> [RECORDS PROVIDED]
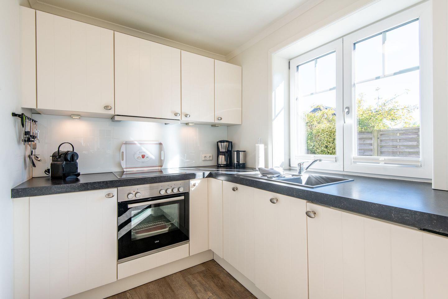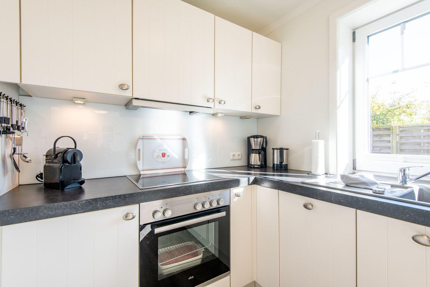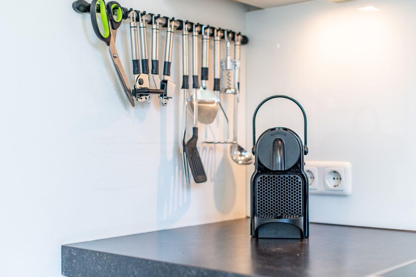 Die offene Küche bietet modernen Komfort mit einer vollständigen Ausstattung, darunter ein Geschirrspüler und eine DeLonghi Nescafe DolceGusto-Maschine. Hier finden Sie alles, was Sie für die Zubereitung köstlicher Mahlzeiten benötigen.
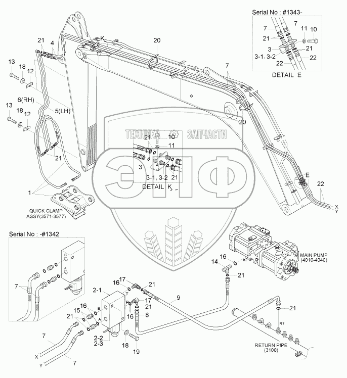 Каталог запасных частей к технике: Hyundai R170W-7. QUICK CLAMP HYD PIPING (#0092-)
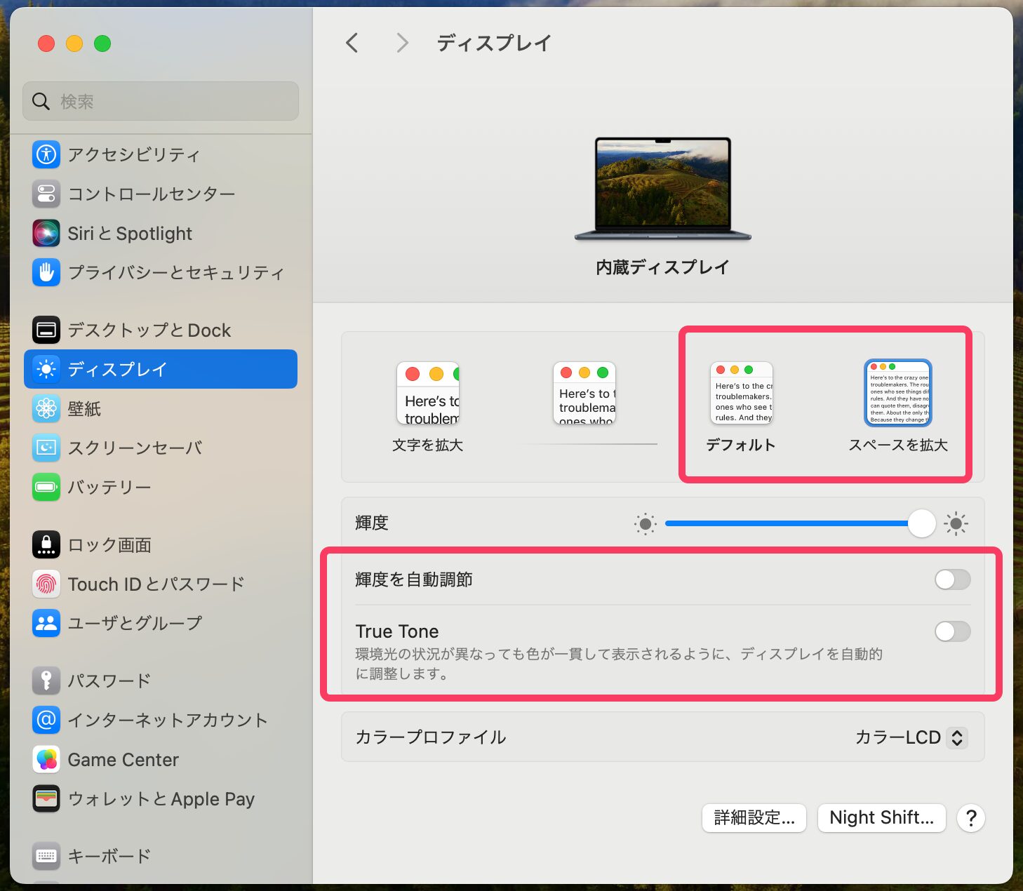 Macは、デフォルトでは、環境の明るさに応じて自動で画面が暗くなったり明るくなったり、画面が茶色っぽくなったり青白っぽくなったりする。
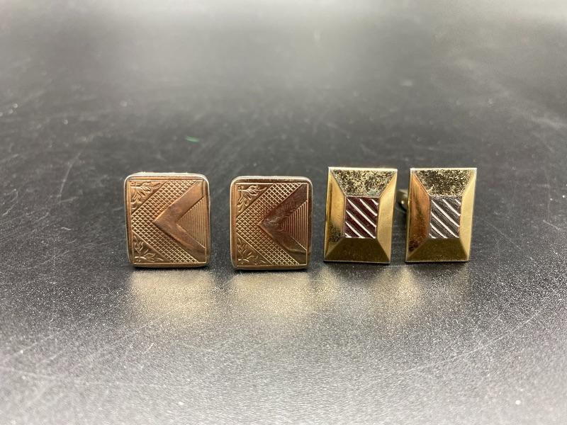 Two pairs of gold tone cuff links. Good vintage condition. Unbranded.
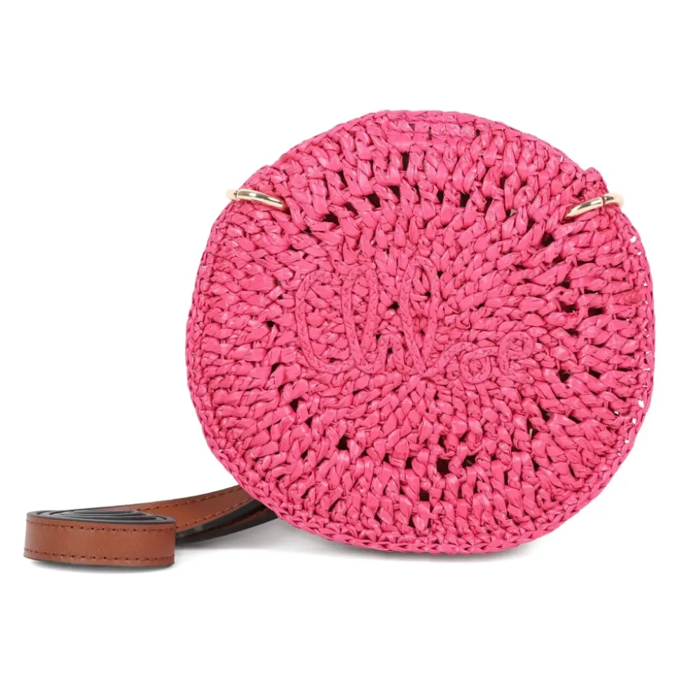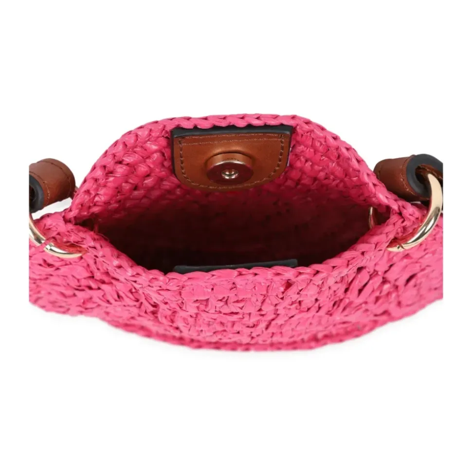 Chloé cirkulær læderskuldertaske med knaplukning og fremtrædende logo detalje. Kompakt og designet til håndfri bæring ved forskellige lejligheder. Nøgleattributter: Pink | Fuchsia | Læder | Skulderrem | Knaplukning | Rund silhuet | Chloé logo | Dimensioner & pasform: Diameter: 18 cm | Skulderrem længde: 90 cm | Sammensætning & pleje: Læder
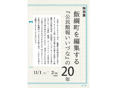 町制20周年を記念して、飯綱町公民館報編集委員とタイアップした特別展を開催します。「公民館報いいづな」の20年の歩みをテーマごとに紹介。飯綱町公民館報と、それらを日々編集し続ける編集委員たちの...
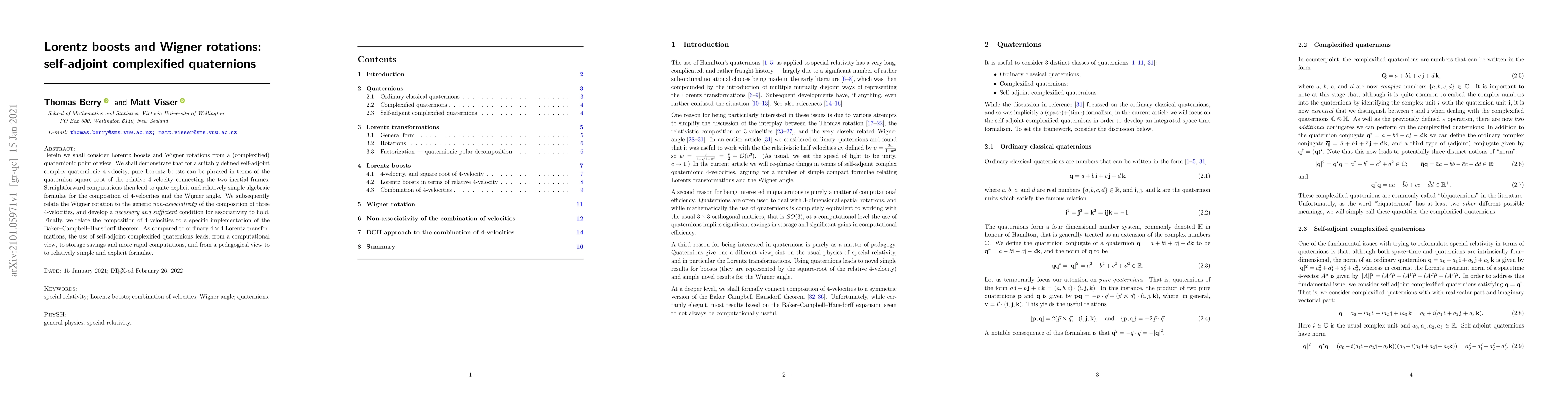 This paper explores Lorentz boosts and Wigner rotations using self-adjoint complexified quaternions, showing that pure Lorentz boosts can be expressed as the quaternion square root of the relative 4-velocity. It derives simple algebraic formulae for 4-velocity composition and the Wigner angle, and discusses the non-associativity in 4-velocity composition, providing a condition for associativity.
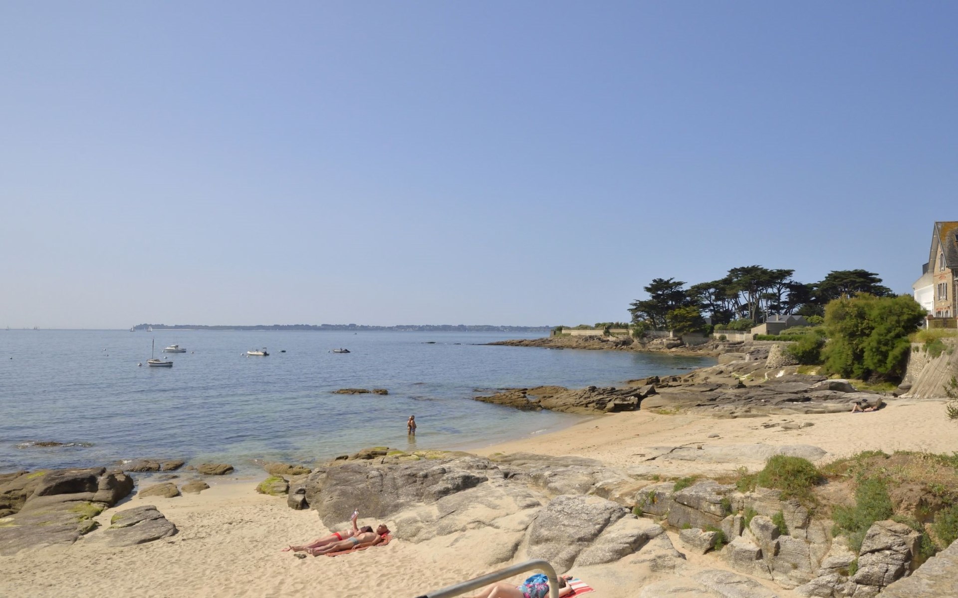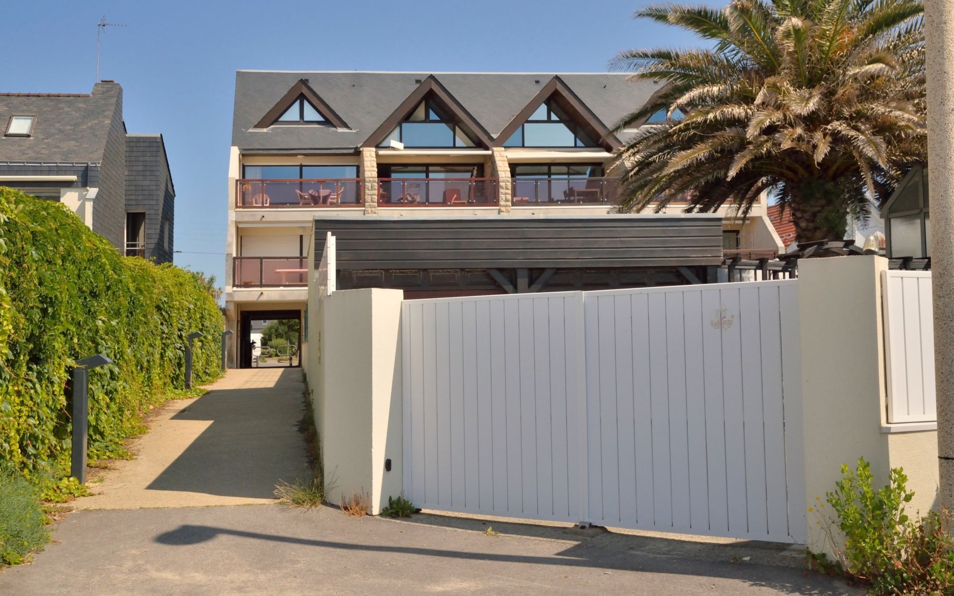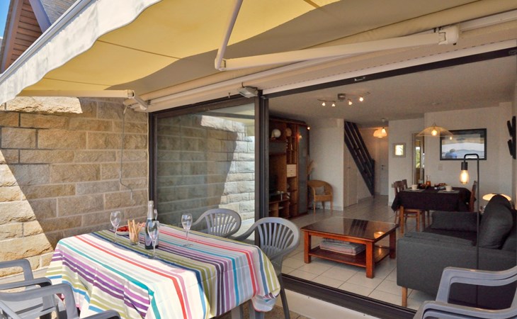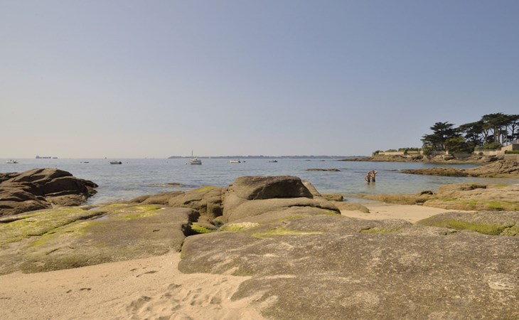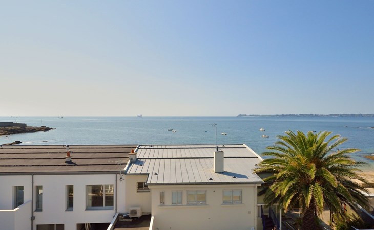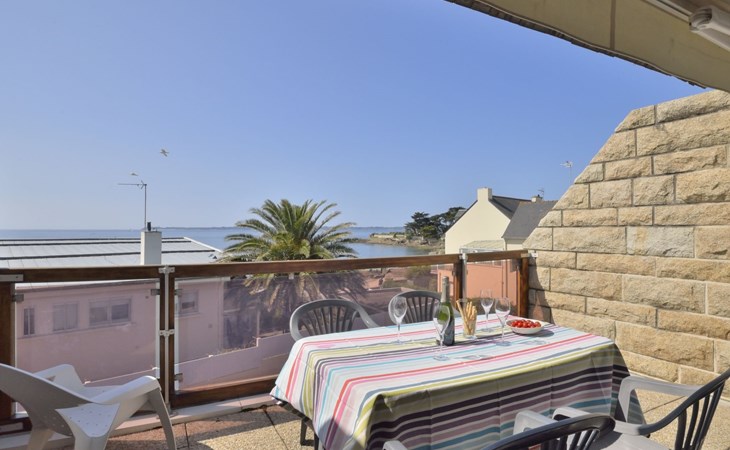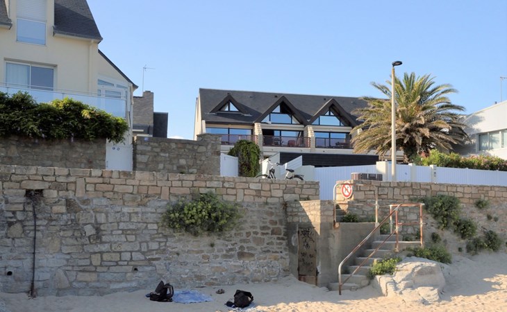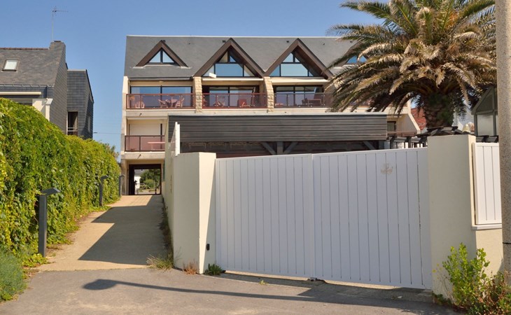Appartementhaus "Belle Vue Mer et Groix", auf 3 Stockwerken. 8 Wohnungen in der Residenz. Im Ortsteil LOMENER, 5 km vom Zentrum von Ploemeur, 12 km vom Zentrum von Lorient, 30 m vom Meer. Im Hause: Einstellraum für Fahrräder. Parkplatz. Supermarkt, Restaurant 100 m, Bushaltestelle 5 km, Sandstrand 30 m. Jacht-Hafen 100 m, Golfplatz (18 Loch) 5 km.

> [REQUIRED WORK] Begin at the first line of the records. Print every line through the one containing "Каталог запасных частей" exactly, but skip the pictures.

> [RESPONSE]
 Die offene Küche bietet modernen Komfort mit einer vollständigen Ausstattung, darunter ein Geschirrspüler und eine DeLonghi Nescafe DolceGusto-Maschine. Hier finden Sie alles, was Sie für die Zubereitung köstlicher Mahlzeiten benötigen.
 Каталог запасных частей к технике: Hyundai R170W-7. QUICK CLAMP HYD PIPING (#0092-)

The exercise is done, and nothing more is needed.